## Your task
Your response is a verbatim copy of the listing, stripped of its images.

## Information provided
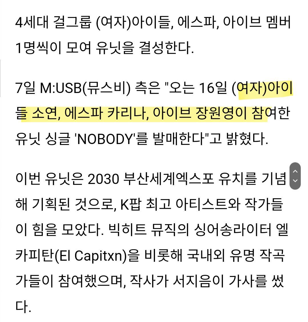 → bleach1991: 公權力在想讓KPOP幫忙他們爭取到世博 122.147.27.169 11/06 18:12
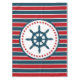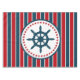 Diseño náutico con decoración de ruedas de vela en forma redondeada con estrellas sobre fondo rayado rojo, azul y blanco
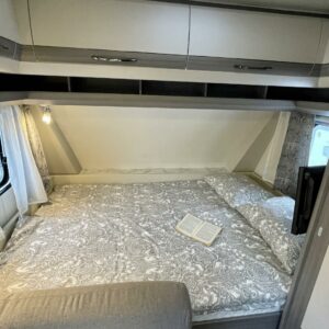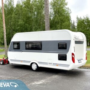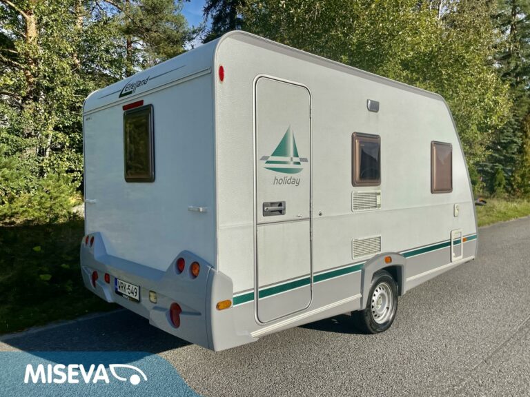 Todellinen tilaihme! Tähän näppärästi perässä kulkevaan matkakotiin mahtuu majoittumaan jopa seisemän henkilöä. Edessä on poikittainen parivuode minkä alle jää runsaasti säilytystilaa. Säilytystilan käyttöä päästään hyödyntämään myös ulkopuolelta luukun kautta. Keskelle vaunua on sijoitettu vastakkain istuttava pöytäryhmä mistä saadaan sijattua vuode kahdelle henkilölle. Toisella puolella on keittiö varusteltuna normaalilla matkailuvaunun keittiövarustuksella. Takaosaa hallitsee poikittain sijoitettu 3-kerrosvuode, sekä WC/kylpyhuonetilat. Iso kattoluukku antaa mukavasti luonnonvaloa sisätiloihin. Lämmityksenä Trumatic ilmakeskuslämmitys. Juuri katsastettu ja tarkastettu vaunu valmiina retkiin.

## Exercise output
 → bleach1991: 公權力在想讓KPOP幫忙他們爭取到世博 122.147.27.169 11/06 18:12
 Diseño náutico con decoración de ruedas de vela en forma redondeada con estrellas sobre fondo rayado rojo, azul y blanco
 Todellinen tilaihme! Tähän näppärästi perässä kulkevaan matkakotiin mahtuu majoittumaan jopa seisemän henkilöä. Edessä on poikittainen parivuode minkä alle jää runsaasti säilytystilaa. Säilytystilan käyttöä päästään hyödyntämään myös ulkopuolelta luukun kautta. Keskelle vaunua on sijoitettu vastakkain istuttava pöytäryhmä mistä saadaan sijattua vuode kahdelle henkilölle. Toisella puolella on keittiö varusteltuna normaalilla matkailuvaunun keittiövarustuksella. Takaosaa hallitsee poikittain sijoitettu 3-kerrosvuode, sekä WC/kylpyhuonetilat. Iso kattoluukku antaa mukavasti luonnonvaloa sisätiloihin. Lämmityksenä Trumatic ilmakeskuslämmitys. Juuri katsastettu ja tarkastettu vaunu valmiina retkiin.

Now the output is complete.